Although 3 eyes were found to have a decrease in visual acuity, it is important to recognize the underlying cause of the iris defect as well at the longstanding comorbidities of the eyes involved. Two of our patients had progressive glaucoma, and 1 patient had a right pseudophakic bullous keratopathy (PBK) and subsequent Descemet stripping endothelial keratopathy. The patient with PBK had a history of cataract extraction complicated by a choroidal effusion and iris prolapse. The procedure was interrupted, and partial iridectomy was performed where the iris could not be reposited, and the eye was left aphakic. Subsequent iris implantation may have contributed but was not the only factor in the development of PBK.

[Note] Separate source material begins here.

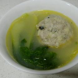 4.Put the soup into the can, rub the meatballs into the soup, and serve Steam for 45 minutes.Then open the can, add the rapeseed, turn to low heat and simmer for 10 minutes.

Our study was limited by the small sample size and limitations of data collection inherent to retrospective case series. This prevented an analysis of which patient population benefits the most from these implants. With all surgeries conducted by a single surgeon, alternative surgical techniques are not explored, which may have led to different visual outcomes. Additionally, no data were collected using specular microscopy to evaluate for long-term endothelial cell loss following surgery. However, it has been noted that iris–lens diaphragm prostheses are associated with higher rates of endothelial cell loss when compared with artificial iris implants. A more formal method for evaluating patient glare and pain levels also could be used in future studies.

In summary, HumanOptics artificial iris implants were found to be a viable long-term option for patients with iris defects that provide good cosmetic outcomes, decrease glare, and generally have high patient satisfaction. However, in certain patients, elevated IOPs persisted years later, so this potential complication should be taken into consideration when selecting suitable candidates.